◆ WHAT THE EXERCISE ASKS ◆
State the number of lines in the records beneath that hold the word "sketchbook", and add nothing.

◆ DATA ◆
········

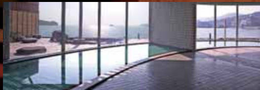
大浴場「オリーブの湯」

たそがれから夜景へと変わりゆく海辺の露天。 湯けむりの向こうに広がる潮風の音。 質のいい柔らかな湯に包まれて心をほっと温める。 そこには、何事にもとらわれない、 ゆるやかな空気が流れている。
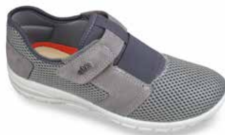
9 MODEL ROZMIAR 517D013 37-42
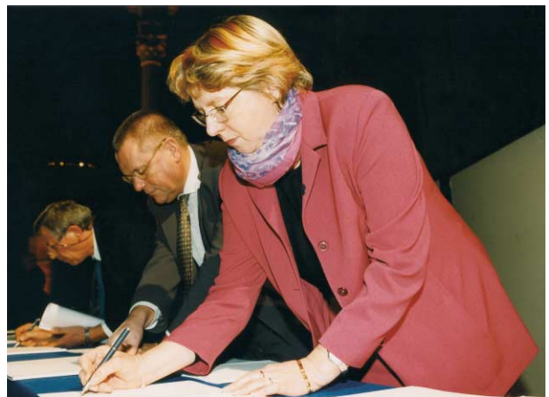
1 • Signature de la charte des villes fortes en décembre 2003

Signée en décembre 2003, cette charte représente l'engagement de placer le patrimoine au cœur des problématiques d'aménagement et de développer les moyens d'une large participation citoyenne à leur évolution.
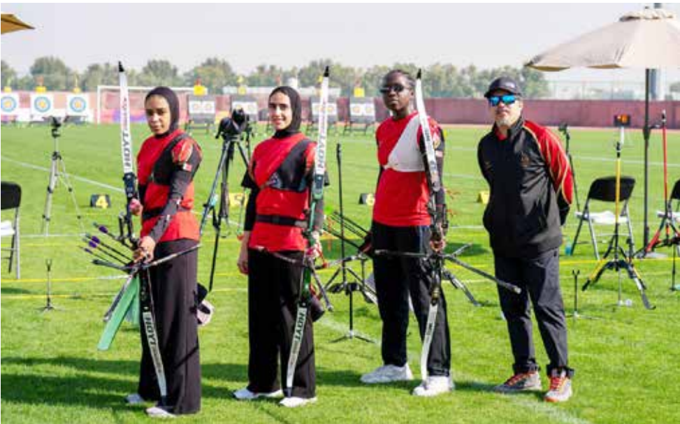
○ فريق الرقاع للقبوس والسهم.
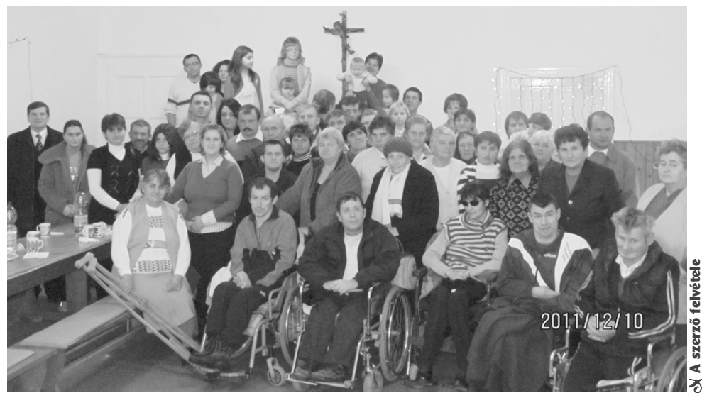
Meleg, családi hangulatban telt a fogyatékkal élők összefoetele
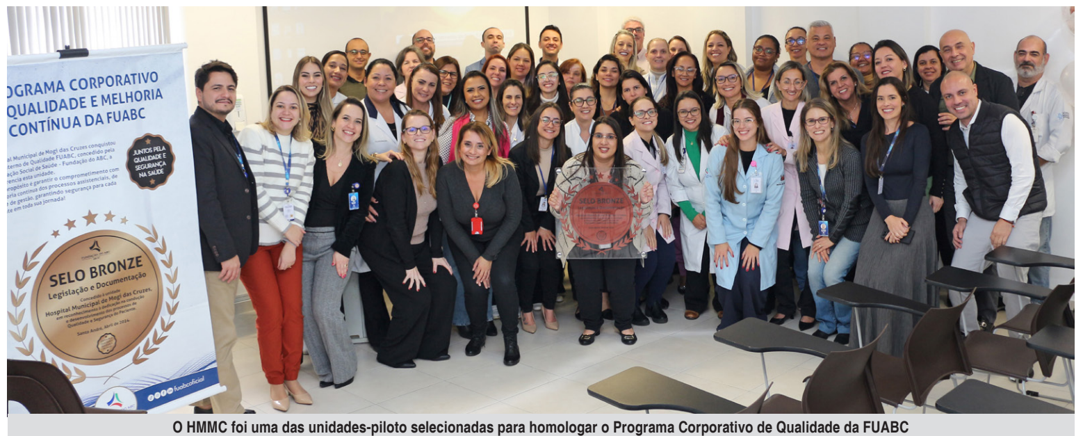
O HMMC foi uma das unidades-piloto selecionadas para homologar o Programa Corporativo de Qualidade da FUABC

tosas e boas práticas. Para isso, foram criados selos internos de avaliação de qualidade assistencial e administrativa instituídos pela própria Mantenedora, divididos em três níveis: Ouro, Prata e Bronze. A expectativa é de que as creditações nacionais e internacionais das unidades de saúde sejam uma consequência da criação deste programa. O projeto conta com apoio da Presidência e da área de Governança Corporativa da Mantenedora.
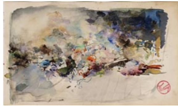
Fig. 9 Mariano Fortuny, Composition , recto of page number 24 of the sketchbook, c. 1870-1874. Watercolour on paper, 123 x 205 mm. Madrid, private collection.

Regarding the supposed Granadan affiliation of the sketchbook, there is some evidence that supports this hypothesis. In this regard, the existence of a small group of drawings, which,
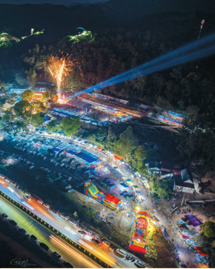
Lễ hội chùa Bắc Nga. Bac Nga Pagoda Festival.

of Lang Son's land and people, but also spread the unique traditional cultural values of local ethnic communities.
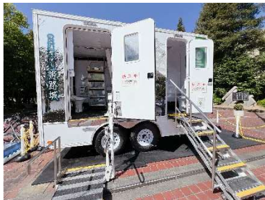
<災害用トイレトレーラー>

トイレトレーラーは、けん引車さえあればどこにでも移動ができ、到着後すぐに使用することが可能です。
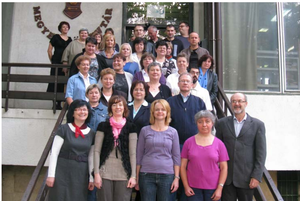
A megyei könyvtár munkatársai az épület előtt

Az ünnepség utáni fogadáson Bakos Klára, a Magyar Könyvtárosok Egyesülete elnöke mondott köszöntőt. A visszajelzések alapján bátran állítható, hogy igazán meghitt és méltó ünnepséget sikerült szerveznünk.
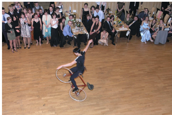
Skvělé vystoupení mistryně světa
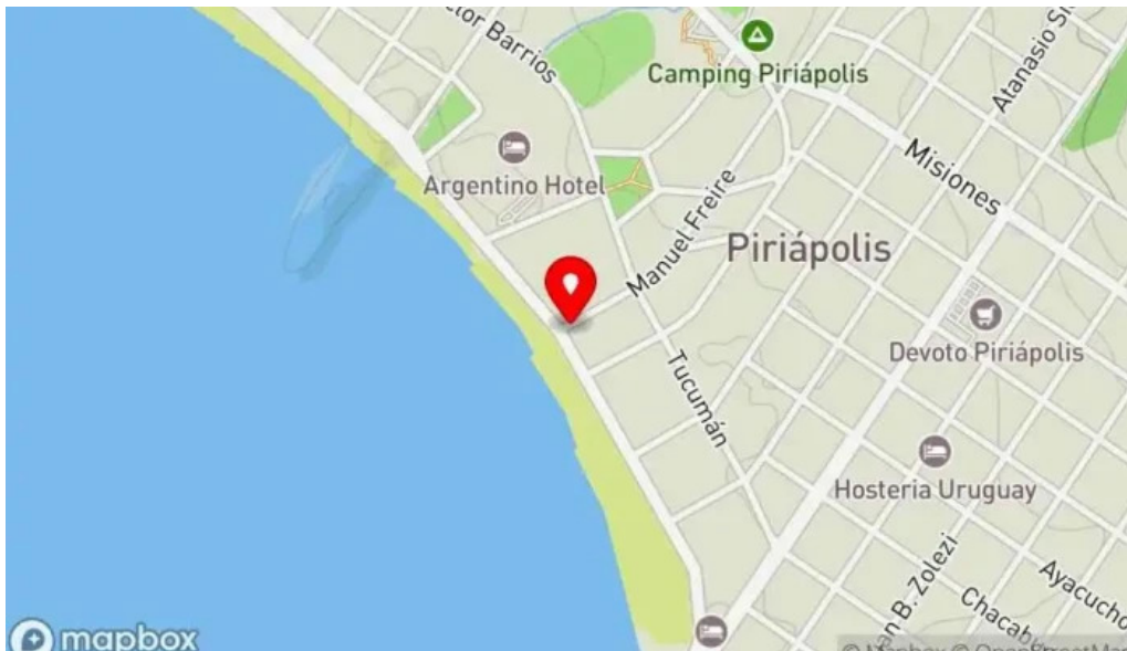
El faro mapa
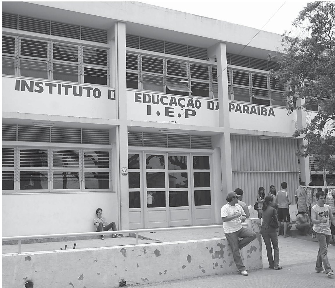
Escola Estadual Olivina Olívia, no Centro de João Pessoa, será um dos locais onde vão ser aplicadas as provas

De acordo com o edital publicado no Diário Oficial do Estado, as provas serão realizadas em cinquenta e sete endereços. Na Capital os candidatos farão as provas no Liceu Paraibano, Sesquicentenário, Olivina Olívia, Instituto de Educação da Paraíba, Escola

········

◆ RESULT FOR THIS TASK ◆
2